‘When you observe your mind as it is, you may notice that it frequently changes from this to that; one thing and then another. Therefore, your mind is something that can’t be trusted.”
Don’t take it as a problem when your mind changes, and don’t become attached to the feelings that arise in each moment. You should know that likes and dislikes don’t mean much when you can see yourself liking someone then hating them again shortly afterward. You should know that it’s not that your mind shouldn’t change, but that your mind is something that will change again after a while.
So don’t get too excited when you like something, yet don’t reject it when you dislike something. You should deal with your feelings in a slightly detached manner when you feel good, not so good, happy, or so miserable.
It’s not about being out of control when you feel good, or throwing a tantrum when you feel bad, rather it’s about knowing and being aware that “good feelings are arising” when you feel good, and “bad feelings are arising” when you feel bad. Then you can become a person whose mind does not change.
When you decide to pray in the morning, you can’t just hope that the desire to pray will arise by itself. If you pray not only on the days you want to pray, but also on the days when you don’t want to, then you will continue to do so consistently as a result, and become a person who does not lose his or her original intention.
It is the same with feelings toward others. There are times when you like a person, and also when you don’t like a person.

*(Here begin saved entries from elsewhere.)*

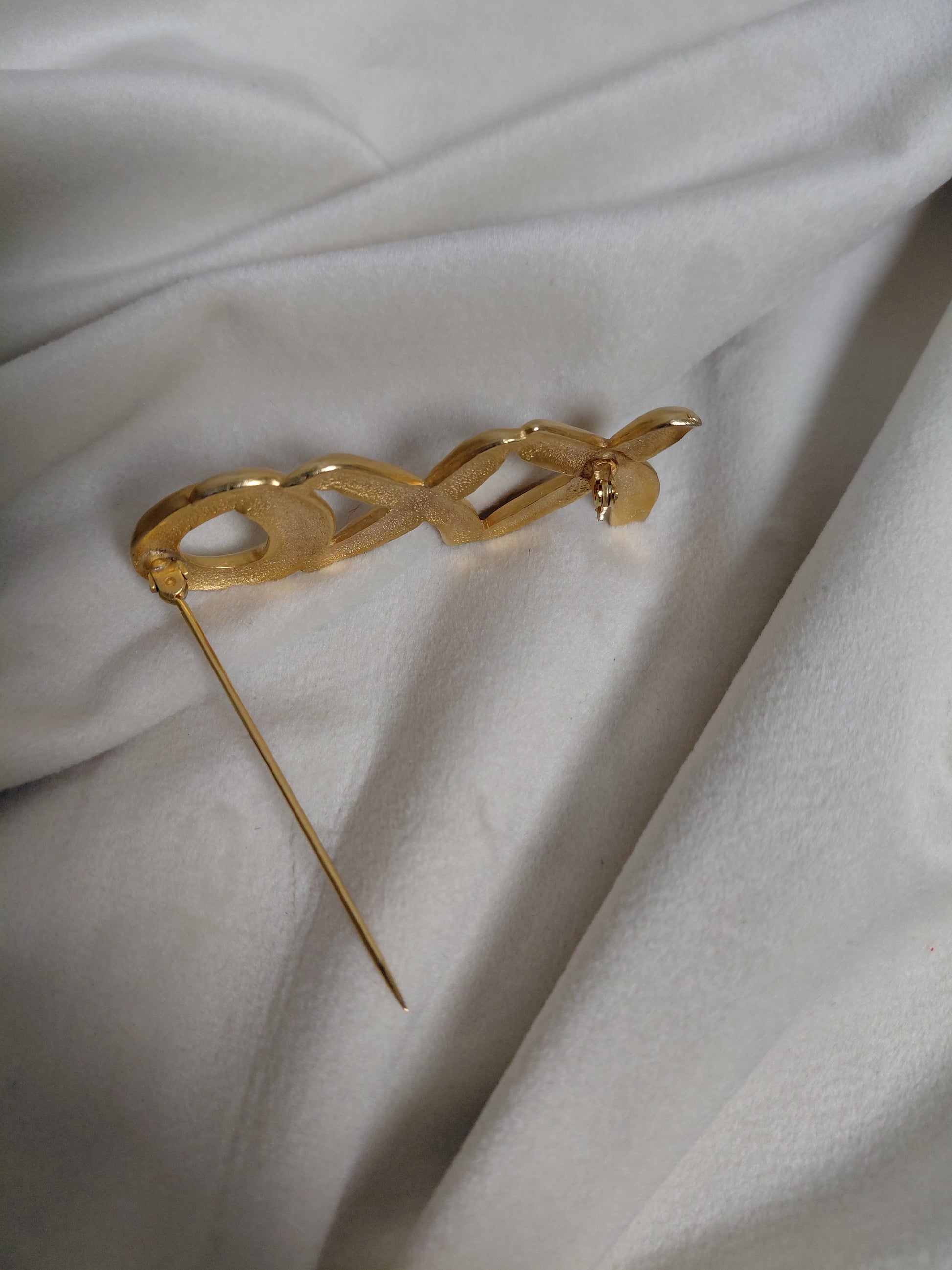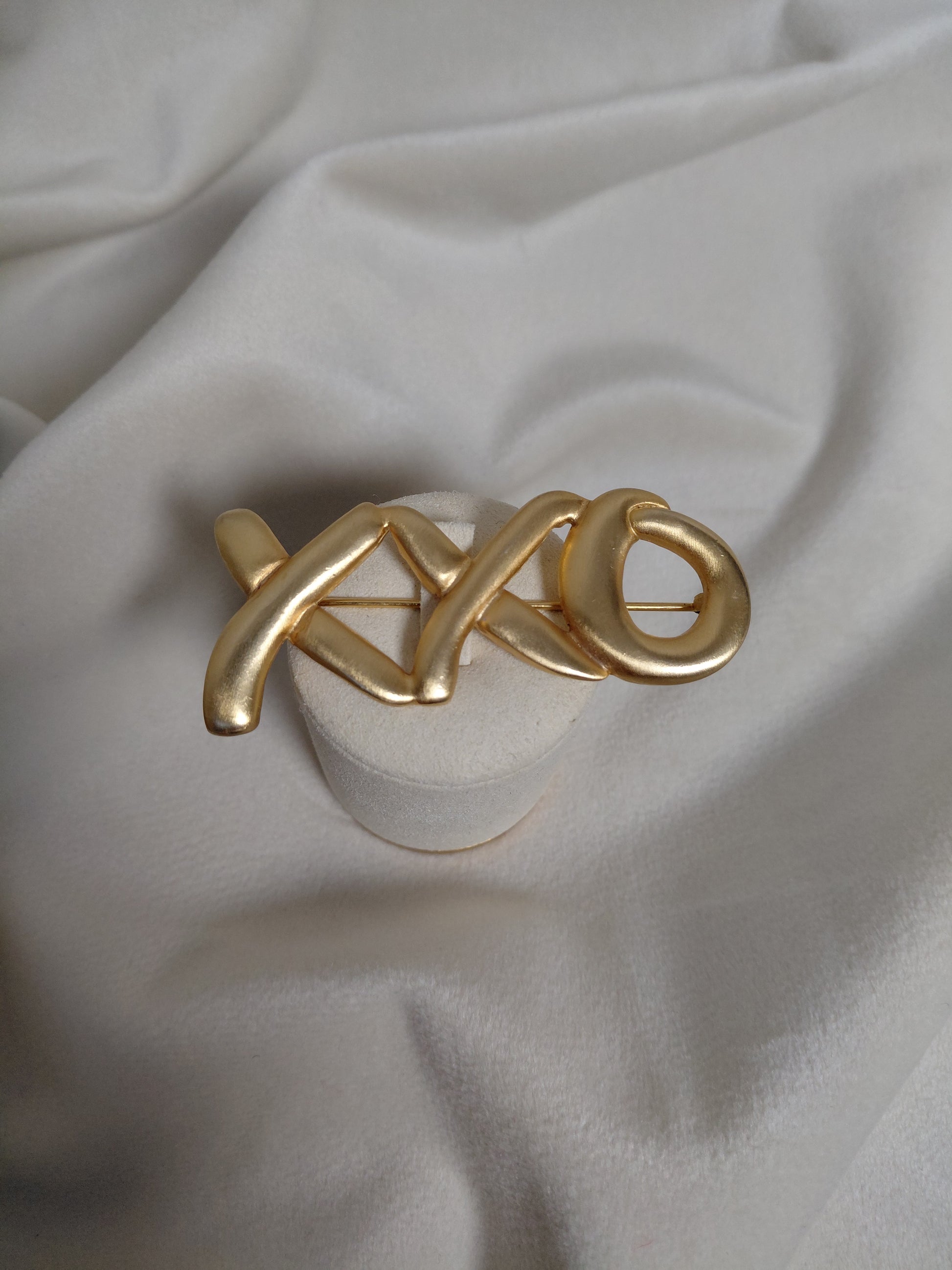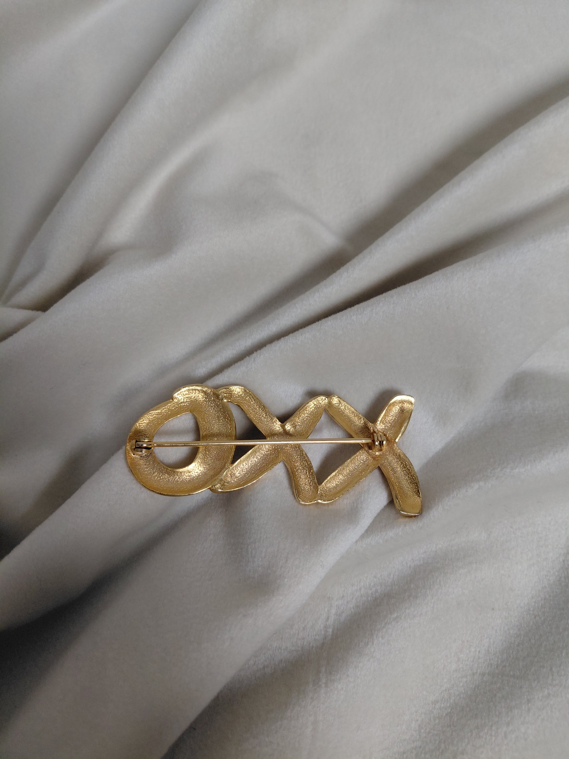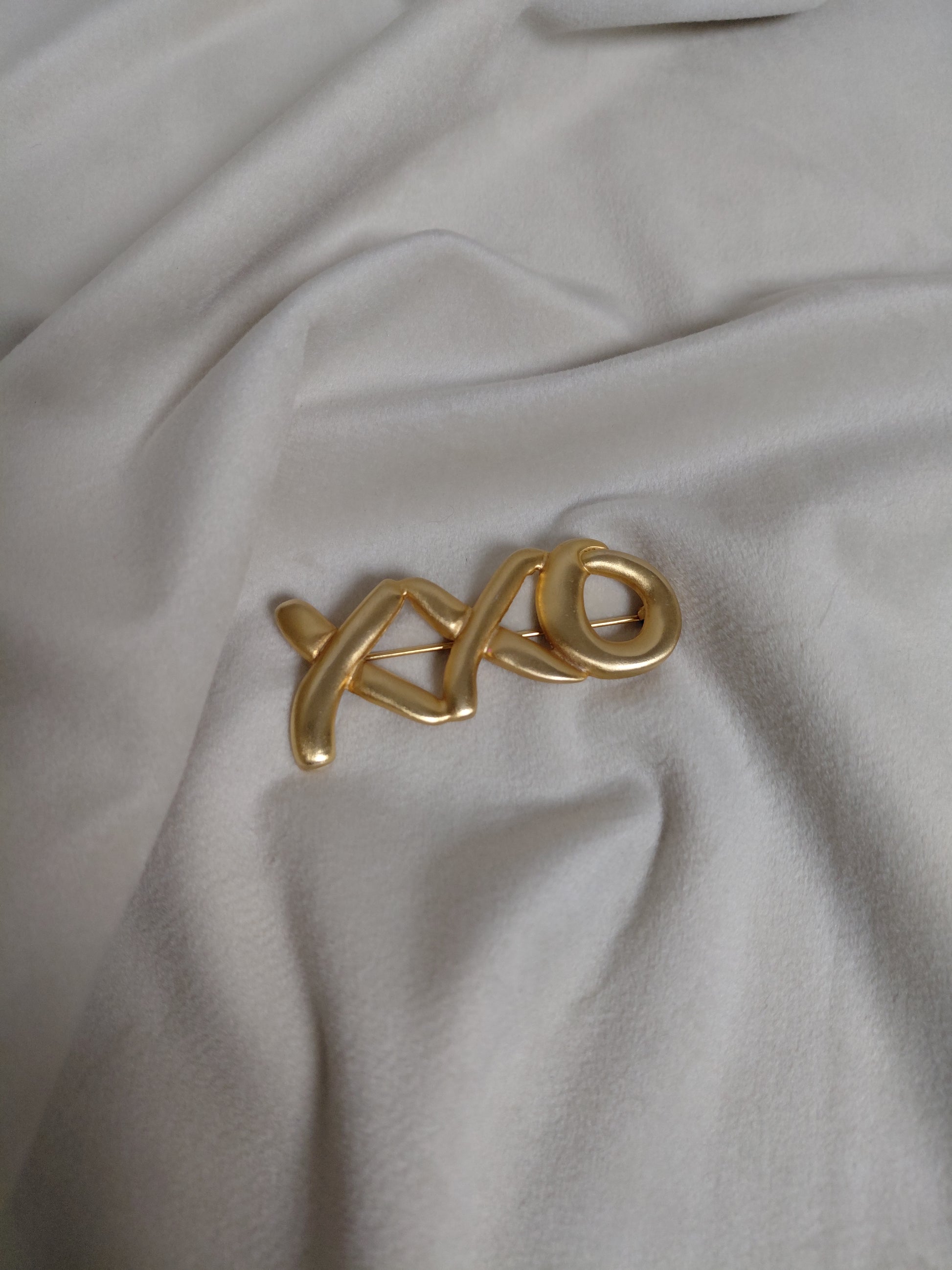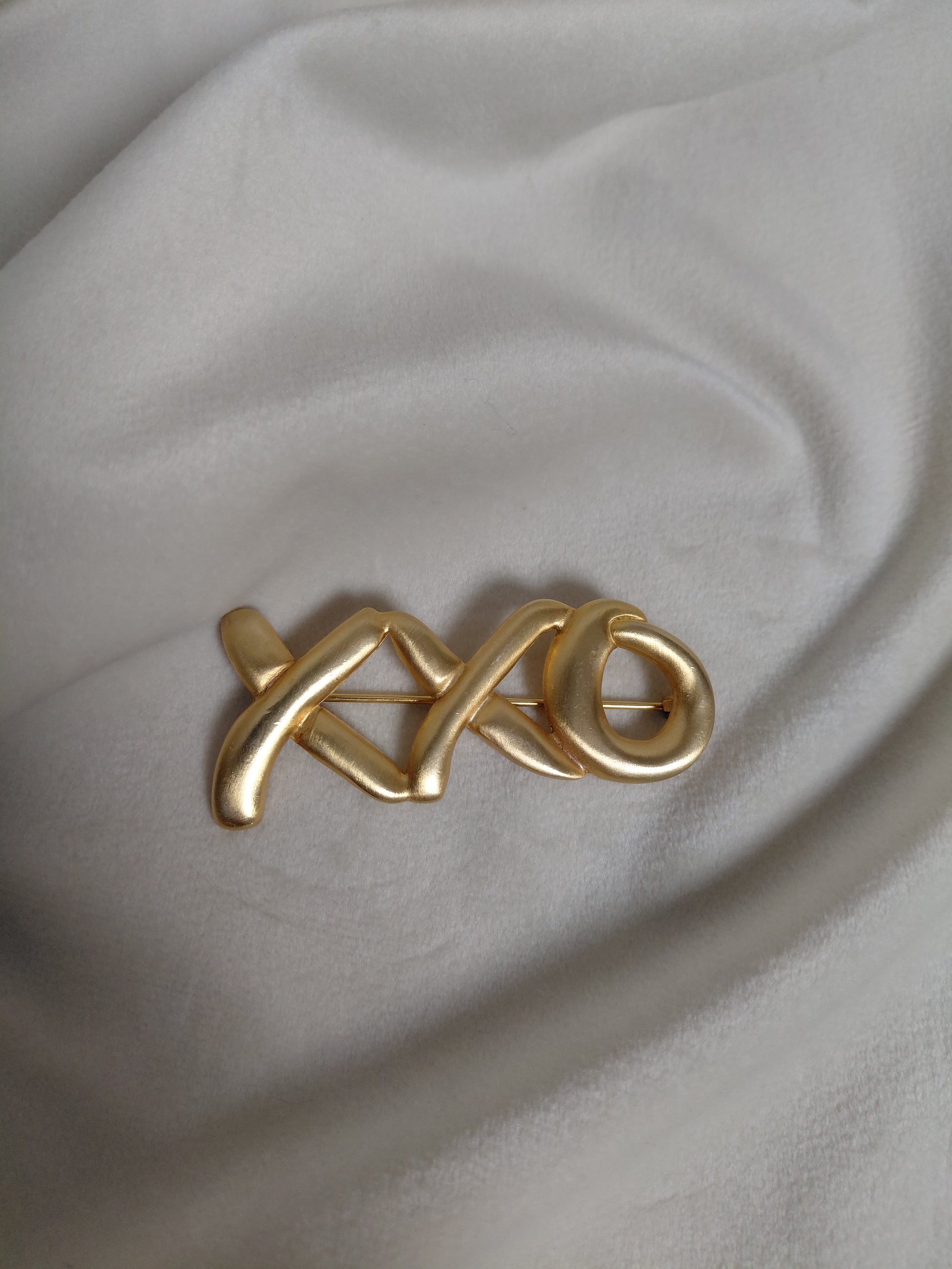 Falleg vintage næla sem oft er kölluð "Hugs and Kisses" næla eða "XO" næla þar sem XXO eru tákn fyrir kossa. Liturinn er gull en við vitum ekki um framleiðandann en þetta er stálnæla og líklegast EKKI ekta gull.
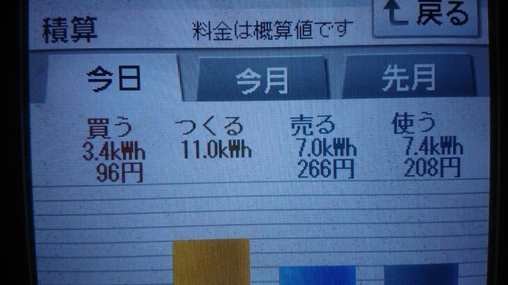 パナソニックHIT240 5kW2020/7/7の太陽光発電量 11.0kWh月…
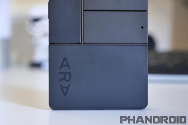 Theo chia sẻ của trang công nghệ này thì phần khung của Ara được làm từ kim loại, nó được dùng để gắn các module vào thông qua kết nối nam châm điện. Trong khi đó mặt sau được hoàn thiện từ nhựa mềm khá độc đáo. Có vẻ như chiếc A8A01 này là bản dành cho nhà phát triển, máy có kích thước khá to và dày tới 12,5mm, dày hơn hẳn bất cứ smartphone Android nào có mặt trên thị trường trong vòng 2 năm trở lại đây. “Bạn sẽ thấy như đang cầm cục gạch khi dùng Ara”, Android Central nhận xét.
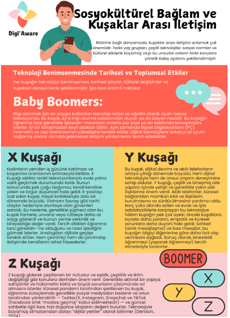 Teknolojinin yaşamlarımız üzerindeki etkisi, dijital beceriler geliştirmenin dijital dünyada etkili şekilde yol almak için ne kadar önemli olduğunu göstermektedir. Bu modül, farklı kuşakların teknolojiye yaklaşımını ve kullanım biçimlerini vurgulayarak onların dijital yetkinliklerini ve iletişim tercihlerini ortaya koymaktadır.

But since the mind itself can’t be trusted, you won’t reject them even when you dislike them.
If you don’t take your feelings seriously when someone says something bad to you, your feeling toward that person can be kept the same, no matter what that person does.
It doesn’t mean that you’ll always be in a good mood. When you know that your likes and dislikes are not to be trusted and you adhere to the perspective of maintaining a steady relationship, eventually the people around you will think, “This person doesn’t change.”